◆ WORK ORDER
Leaving the pictures aside, restate all of the data exactly.

◆ RECORD EXCERPTS
● ● ● ● ●

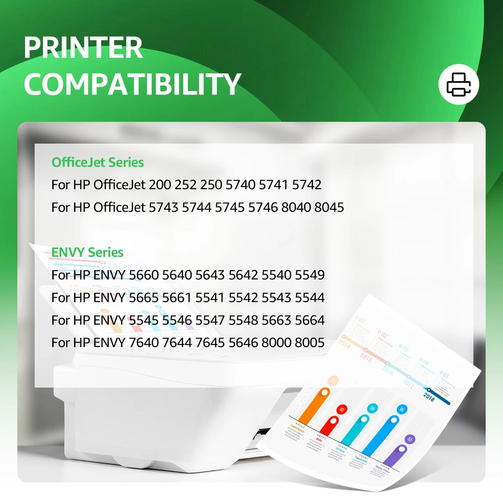 Note: Cartridges are similar to the pictures. Sometimes there are differences due to different suppliers. Product Features Contents: For HP 62XL Black / HP 62XL Tri-Color (Show Accurate Ink Levels) Warranty 100% satisfaction guaranteed. Ink Type: Black - Pigment ; Tri-Color - Dye Cartridge Type: Remanufactured(Not OEM) Package include: Multiple combinations to match, packaged and shipped as you choose. Page Yield: black-750 / tri-color-450 pages per ink cartridge (determined by 5% page coverage) Compatible With: OfficeJet Series For HP OfficeJet 200 252 250 5740 5741 5742 For HP OfficeJet 5743 5744 5745 5746 8040 8045 ENVY Series For HP ENVY 5660 5640 5643 5642 5540 5549 For HP ENVY 5665 5661 5541 5542 5543 5544 For HP ENVY 5545 5546 5547 5548 5663 5664 For HP ENVY 7640 7644 7645 5646 8000 8005 Seller Note If the printer does not work after installing the cartridge, clean the chip contacts of the cartridge with an eraser or cotton swab. Be careful not to touch the ink nozzles at the bottom of the cartridge. Precautions for Ink Cartridge Use 1. When handling new ink cartridge,don’t touch the electrical contacts or print head nozzle on a cartridge. 2.Do not remove the electrical contacts except for the protective tape. Otherwise the machine will not work properly. 3.If the printer prompts "Low Ink" or "Empty" (or similar messages), you can click "OK", "Continue" or "√" to bypass the printer prompts and use the cartridge directly. Payment 1. We accept Paypal, Visa and MasterCard as payment methods. To pay, please use the eBay checkout system. All orders must be paid immediately. 2. Please do not use the PayPal note field to instruct us to ship to another address. The note will not be read. If you wish to change your shipping address, please contact us via eBay message. 3. If you wish to cancel your order, please request a cancellation within 1 hour of payment, otherwise you will need to contact eBay customer service to cancel your order. Shipping 1. We will provide you with free standard shipping on orders within the United States. 2. Free shipping does not include shipments to AK, HI, GU, PR, VI, PO BOX, military addresses/bases APO and FPO. 3.Shipping within just 24 hours after receipt of payment. (If there is a weekend or holiday in between, the term will be extended accordingly.) Returns 1. Full refund (excluding shipping costs) is available within 30 days from the date of purchase. Any defective or damaged item can be returned or exchanged within 60 days from the date of purchase. 2.Any defective/damaged item can be replaced within 180 days from the date of purchase (we define an item as defective only if it does not function as described). 3.Please contact us via eBay message before making a request to have the opportunity to resolve or correct the problem.
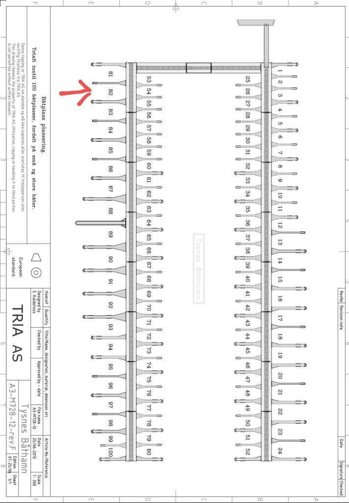Plass 82 ligg nest innerst på utsida av utriggaren til høgre på bildet.
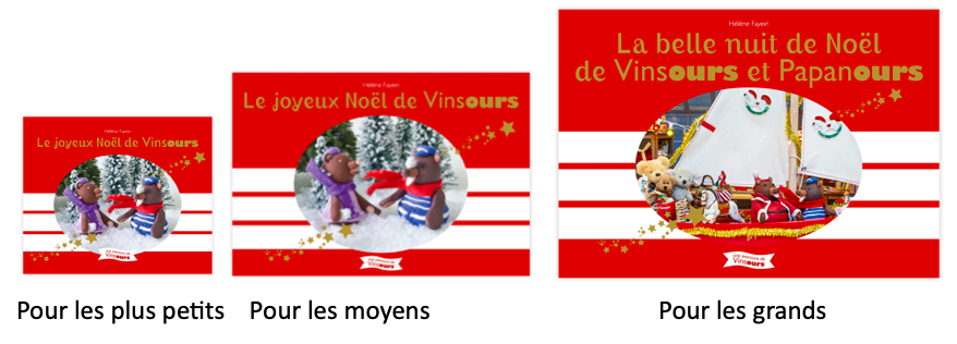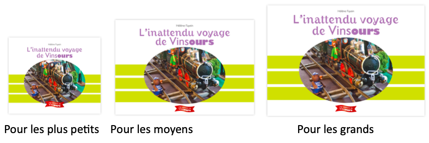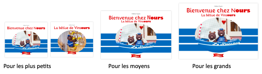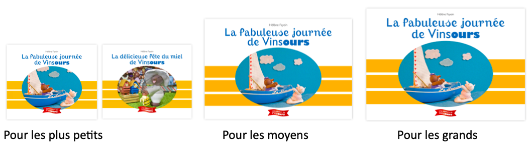 Durant les années passées à rencontrer les enfants de la petite section de maternelle au CM2, j’ai réalisé la nécessité d’adapter le niveau de la lecture des aventures de Vinsours aux différentes tranches d’âge. J’ai décidé de décliner trois formats, un grand pour les enfants de plus de 6 ans, un moyen pour les 3-6 ans et un petit pour les 0-3 ans. Les textes sont adaptés pour chaque niveaux de lecture et les illustrations sont parfois différentes.
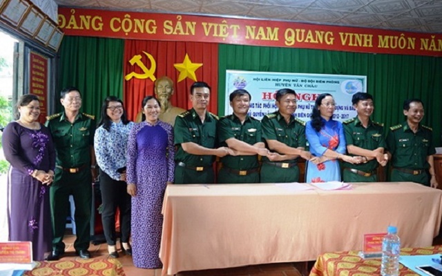 | Hội LHPN huyện Tân Châu ký kết phối hợp với các đơn vị bộ đội biên phòng đóng chân trên địa bàn huyện. |
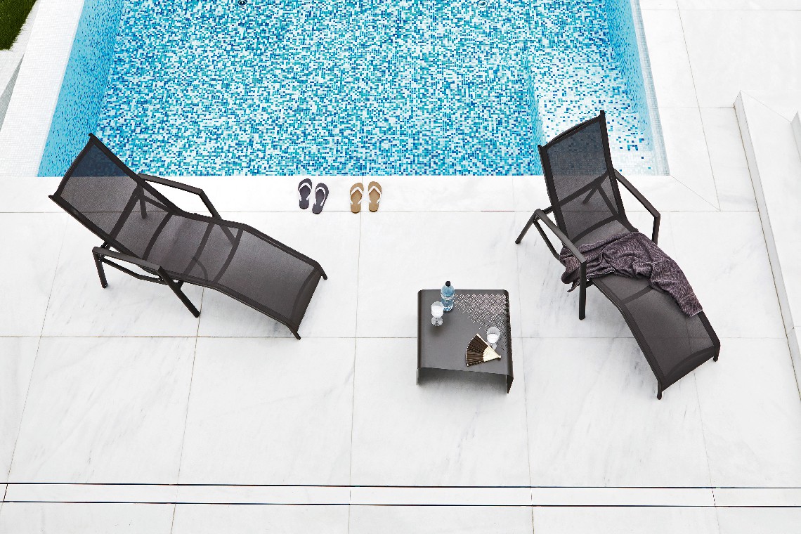 The Victor sunbed is the perfect place to indulge in complete relaxation, swinging slightly, perhaps after a pleasant sauna. The aluminum structure and the batyline perforated fabric cover make it ideal for the wellness area of hotels, resorts, farmhouses and gyms.
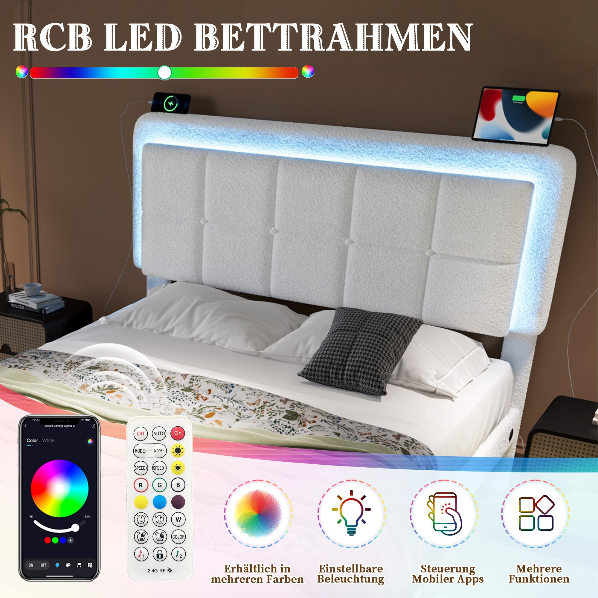 Lit coffre rembourré 160×200 cm en velours teddy blanc - avec tête de lit haute capitonnée - LED intégrées et un tiroir de rangement

● ● ● ● ●

◆ RESPONSE
 Note: Cartridges are similar to the pictures. Sometimes there are differences due to different suppliers. Product Features Contents: For HP 62XL Black / HP 62XL Tri-Color (Show Accurate Ink Levels) Warranty 100% satisfaction guaranteed. Ink Type: Black - Pigment ; Tri-Color - Dye Cartridge Type: Remanufactured(Not OEM) Package include: Multiple combinations to match, packaged and shipped as you choose. Page Yield: black-750 / tri-color-450 pages per ink cartridge (determined by 5% page coverage) Compatible With: OfficeJet Series For HP OfficeJet 200 252 250 5740 5741 5742 For HP OfficeJet 5743 5744 5745 5746 8040 8045 ENVY Series For HP ENVY 5660 5640 5643 5642 5540 5549 For HP ENVY 5665 5661 5541 5542 5543 5544 For HP ENVY 5545 5546 5547 5548 5663 5664 For HP ENVY 7640 7644 7645 5646 8000 8005 Seller Note If the printer does not work after installing the cartridge, clean the chip contacts of the cartridge with an eraser or cotton swab. Be careful not to touch the ink nozzles at the bottom of the cartridge. Precautions for Ink Cartridge Use 1. When handling new ink cartridge,don’t touch the electrical contacts or print head nozzle on a cartridge. 2.Do not remove the electrical contacts except for the protective tape. Otherwise the machine will not work properly. 3.If the printer prompts "Low Ink" or "Empty" (or similar messages), you can click "OK", "Continue" or "√" to bypass the printer prompts and use the cartridge directly. Payment 1. We accept Paypal, Visa and MasterCard as payment methods. To pay, please use the eBay checkout system. All orders must be paid immediately. 2. Please do not use the PayPal note field to instruct us to ship to another address. The note will not be read. If you wish to change your shipping address, please contact us via eBay message. 3. If you wish to cancel your order, please request a cancellation within 1 hour of payment, otherwise you will need to contact eBay customer service to cancel your order. Shipping 1. We will provide you with free standard shipping on orders within the United States. 2. Free shipping does not include shipments to AK, HI, GU, PR, VI, PO BOX, military addresses/bases APO and FPO. 3.Shipping within just 24 hours after receipt of payment. (If there is a weekend or holiday in between, the term will be extended accordingly.) Returns 1. Full refund (excluding shipping costs) is available within 30 days from the date of purchase. Any defective or damaged item can be returned or exchanged within 60 days from the date of purchase. 2.Any defective/damaged item can be replaced within 180 days from the date of purchase (we define an item as defective only if it does not function as described). 3.Please contact us via eBay message before making a request to have the opportunity to resolve or correct the problem.
Plass 82 ligg nest innerst på utsida av utriggaren til høgre på bildet.
 Durant les années passées à rencontrer les enfants de la petite section de maternelle au CM2, j’ai réalisé la nécessité d’adapter le niveau de la lecture des aventures de Vinsours aux différentes tranches d’âge. J’ai décidé de décliner trois formats, un grand pour les enfants de plus de 6 ans, un moyen pour les 3-6 ans et un petit pour les 0-3 ans. Les textes sont adaptés pour chaque niveaux de lecture et les illustrations sont parfois différentes.
 | Hội LHPN huyện Tân Châu ký kết phối hợp với các đơn vị bộ đội biên phòng đóng chân trên địa bàn huyện. |
 The Victor sunbed is the perfect place to indulge in complete relaxation, swinging slightly, perhaps after a pleasant sauna. The aluminum structure and the batyline perforated fabric cover make it ideal for the wellness area of hotels, resorts, farmhouses and gyms.
 Lit coffre rembourré 160×200 cm en velours teddy blanc - avec tête de lit haute capitonnée - LED intégrées et un tiroir de rangement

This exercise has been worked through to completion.